BackgroundAluminum (Al) exerts neurotoxic effects following overexposure. We previously reported worse cognitive performance in workers exposed to Al than non-exposed individuals. Cognition involves multiple domains. The effect of Al on multi-domain cognition has been studied for decades, but still remains controversial.ObjectiveTo explore the relationship between plasma Al levels and multi-domain cognitive performance among in-service aluminum-exposed workers at the SH Aluminum Factory in China and identify possible types of early cognitive damage caused by exposure to aluminum.MethodsEight hundred thirty-one in-service aluminum-exposed workers at the SH Aluminum Factory in China were investigated. The plasma Al concentrations were measured using inductively coupled plasma-mass spectrometry (ICP-MS) and served as an internal exposure indicator.

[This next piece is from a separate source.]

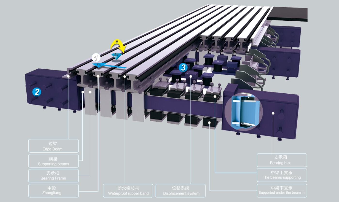 型鋼伸縮裝置是在總結(jié)國(guó)內(nèi)外各種大位移伸縮裝置特點(diǎn)的基礎(chǔ)上,針對(duì)重載高密度交通的狀況成功研發(fā)出的一種新型大位移伸縮裝置。
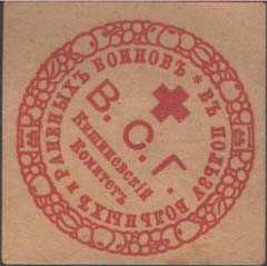 1915 1915(?) г. Ромб разм. 40 х 40 мм. Одноцветная печать на сероватой бумаге. В декоративной круглой рамке с растительным орнаментом в центре текст в три строки: «В.С.Г. Кишиневский Комитет». Сверху красный крест. По внутреннему периметру рамки текст: «В пользу больных и раненых воинов».

The participants were divided into four subgroups based on the quartiles of plasma Al concentrations, namely, the Q₁, Q₂, Q₃, and Q₄ subgroups. Cognitive function was assessed using the Mini-mental State Examination (MMSE) and the clock-drawing test (CDT). Multi-domain cognition was evaluated using sub-tests of the MMSE and the CDT.ResultsThe average plasma Al concentration was 15.26 (8.28, 27.02) μg/L. The neurobehavioral tests showed negative correlations between plasma Al levels and total CDT scores and executive/visuospatial cognitive performance, and a positive correlation between plasma Al levels and CDT-position errors (all P<0.05). Additionally, dose-response relationships between higher plasma Al levels and lower total CDT scores, worse executive/visuospatial cognitive performance, and more error rates in the CDT-position were observed (all P_trend<0.05). However, no significant correlations or trends were observed between plasma Al levels and other cognitive domains (all P>0.05). The results from the multivariate logistic regression model and restricted cubic spline models of dose-response relationships were consistent with the results obtained from the general linear model. All potential confounders, such as age, marital status, education, income, type of work, and smoking and drinking habits, were considered.ConclusionBased on the results, aluminum exposure may exert a substantial effect on impairing executive/visuospatial functions in multi-domain cognition at the early stage, particularly the identification of spatial positions.